The semi-wild horses in the New Forest

The semi-wild horses in the New Forest

Folklore and folk practices about horses abound(ed) in Ireland. There were horse whisperers in Ireland in the 19th century, long before the well-known book featuring a modern one. The Fair Folk were said to steal horses, hence the folk magical practice of tying red ribbon or a piece of hazel on the horse. The evil eye was also a threat to a fine horse. Who wouldn’t be envious of their neighbour’s beautiful horse?

I especially love the story of the Water Horse. This is an old, old tale of a horse-like shape-shifter from the water. The Irish name for this creature is Each Uisge, anglicised to ‘aughisky’. Like the kelpie, it lures people into the water and tears them apart, but it also appears as a beautiful man, seducing local women before it can destroy them.
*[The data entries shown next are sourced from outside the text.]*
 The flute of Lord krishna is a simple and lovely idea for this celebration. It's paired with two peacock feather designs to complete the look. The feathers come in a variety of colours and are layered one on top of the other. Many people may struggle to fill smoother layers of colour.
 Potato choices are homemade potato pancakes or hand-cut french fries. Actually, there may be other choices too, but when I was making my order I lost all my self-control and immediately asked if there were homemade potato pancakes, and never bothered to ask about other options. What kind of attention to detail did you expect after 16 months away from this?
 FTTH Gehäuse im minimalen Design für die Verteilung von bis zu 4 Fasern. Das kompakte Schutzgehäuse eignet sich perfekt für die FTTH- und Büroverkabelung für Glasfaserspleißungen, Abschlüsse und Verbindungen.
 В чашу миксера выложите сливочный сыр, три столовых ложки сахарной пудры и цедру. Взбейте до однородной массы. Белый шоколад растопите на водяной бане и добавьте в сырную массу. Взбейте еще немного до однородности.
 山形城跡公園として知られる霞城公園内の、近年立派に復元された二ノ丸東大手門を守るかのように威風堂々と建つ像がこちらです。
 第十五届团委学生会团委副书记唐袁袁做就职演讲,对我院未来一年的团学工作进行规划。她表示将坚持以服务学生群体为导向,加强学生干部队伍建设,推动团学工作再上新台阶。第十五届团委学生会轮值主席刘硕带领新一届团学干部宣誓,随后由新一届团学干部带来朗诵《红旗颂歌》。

My favourite modern Irish poet, Nuala Ní Dhomhnaill, has a beautiful poem called ‘The Water Horse’ (in a fantastic collection of poetry by the same name):

And after that
He came to her again and again.
At first his clothes seemed so strange to her:
The breastplate, the fishbone greaves and the casque,
The long gloves made from the skin of eels,
His whole style recalling
The sub-human creatures from B movies:
The Creature from Sheep Cove, or an Irish cousin of King Kong.
But when he took the helmet from his head
And his fine horse’s mane loosened on his shoulders
She saw clearly that he was a young man.

In his book on Proto-Indo-European religion and mythology, Ceisiwr Serith says that the PIEs had two main categories of goddesses: cow goddesses and mare goddesses. While the cow goddesses are motherly and protective, associated with hearth and home, the mare goddesses are dangerous: associated with sexuality, fertility, war and magic. A euhemerised version is Queen Mebh from the Táin. Macha, the horse goddess, may be another.
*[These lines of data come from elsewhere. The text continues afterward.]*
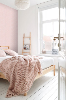 Vliesová, růžová tapeta s bílým geometrickým vzorem.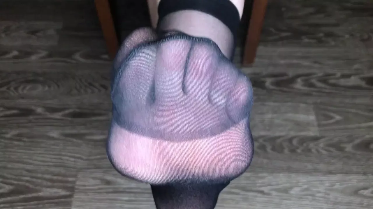 Девушка в черных вкусных носочках показывает стопы и ноги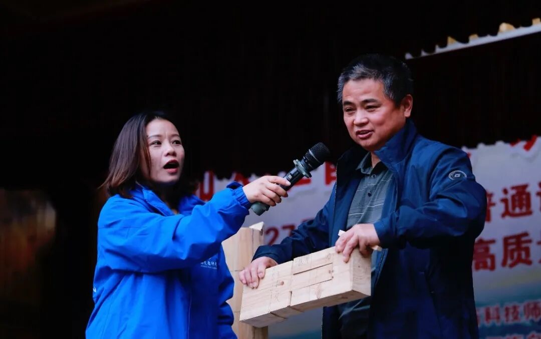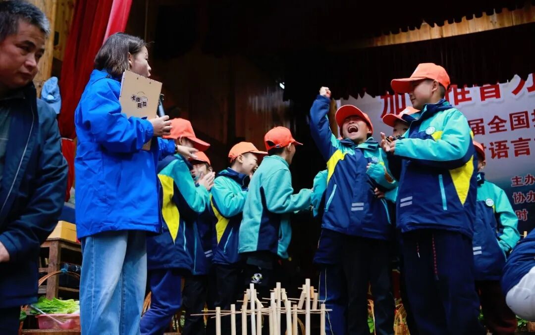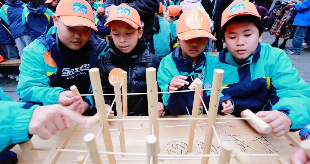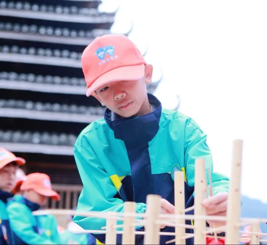 在非遗大师的悉心指导下,同学们分组进行侗族木构搭建比赛。他们小心翼翼地摆弄着手中的木材,尝试着运用所学的技巧,将一根根木头拼接组合。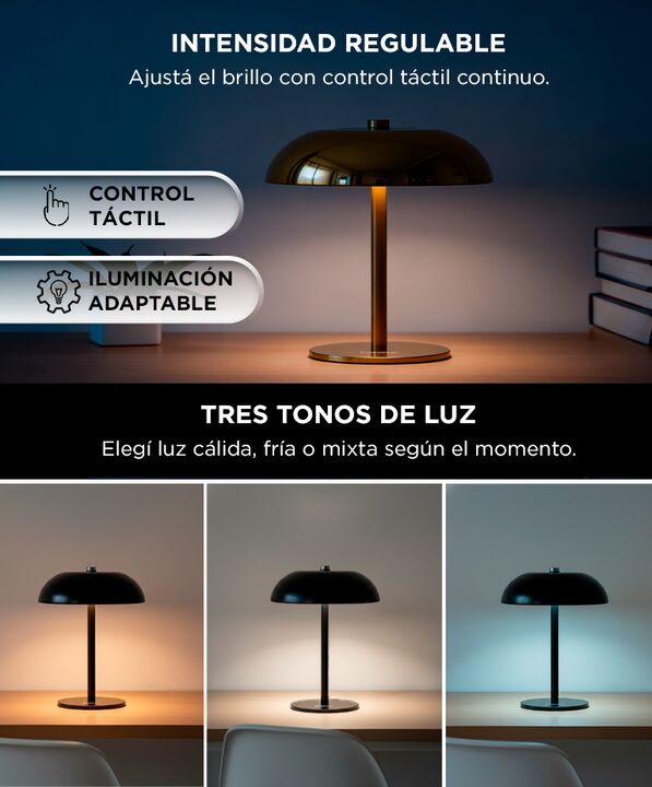 DISEÑO QUE TRANSFORMA EL ESPACIO La lampara de mesa led Gadnic combina una estetica moderna con materiales metalicos de alta calidad. Su pantalla semicircular genera una iluminacion suave y envolvente que realza cualquier ambiente. Ideal para escritorios mesas de noche o espacios de lectura. Su pres...
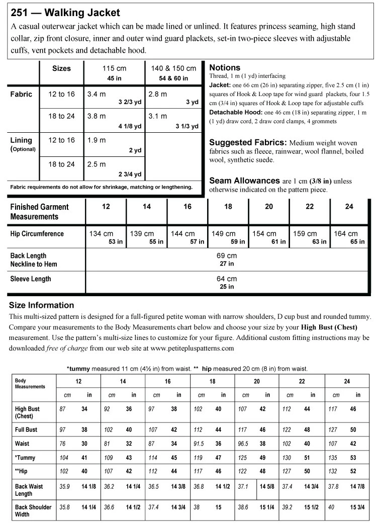 Petite Plus #251 Walking Jacket Sewing Pattern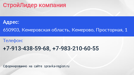 СтройЛидер, компания по адресу 650903, Кемеровская область, Кемерово, Просторная, 1 в дальнейшем Организация, размещена в следующих категориях: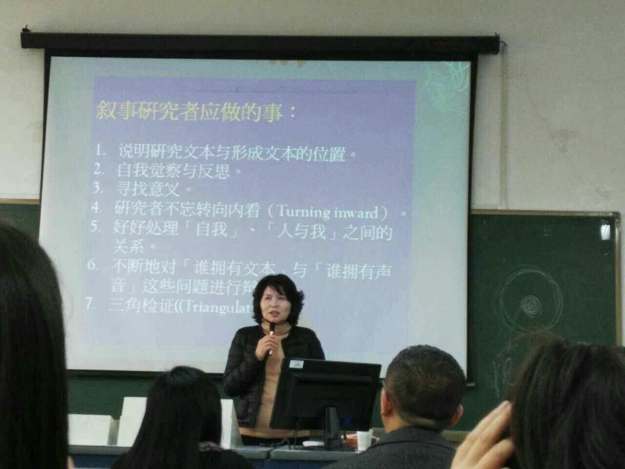 3月21日上午和下午,阮凯利教授以《质性研究》为主体,主要分析了叙事研究、扎根理论等主要质性研究方法,进而延伸出对诠释学的认识与理解,并通过实例的方式讲述了访谈法、观察法的应用,剖析了优秀学术论文所包含的主要要素及其表达方式。

The Cauldron messageboard has set up a Kiva loan group, The Emboatening Crew, where we’re making loans to small business owners overseas. It began with the Kemetics making boat-related loans for the Opet boat festival. Some of us Celtic-inspired types have been donating cow-related loans recently, too. But I also want to honour the noble horse, so important to the ancient Irish tribes and their gods, and still a vital means of prosperity and subsistence in many developing countries today. I’ve just made my latest Kiva loan (from refunded previous loans) to a horse-related cause.

Hail, Macha, mare-goddess and Queen of the land.

Bibliography

O hOgain, 1991, Myth, Legend and Romance: An Encyclopedia of the Irish Folk Tradition
Nuala Ní Dhomhnaill, The Water Horse
Ceisiwr Serith, 2007, Deep Ancestors: Practicing the Religion of the Proto-Indo-Europeans.

2 thoughts on “The Horse and the Water-Horse

  1. In Lancashire there is a kind of spirit called a dobbie who can take the form of a water horse, but also appears as a white rabbit. The term still exists amongst horsey people as ‘dobbin’- ie. ‘a right dobbin’ for a horse that isn’t much good.

    I particularly liked the poem, reflecting the capacity of the folk of the otherworld to shift shape as they please. Alot of Lancs legends where boggarts, dobbies etc. appear as horses, cows, dogs, cats, and phantom men and women reflect that.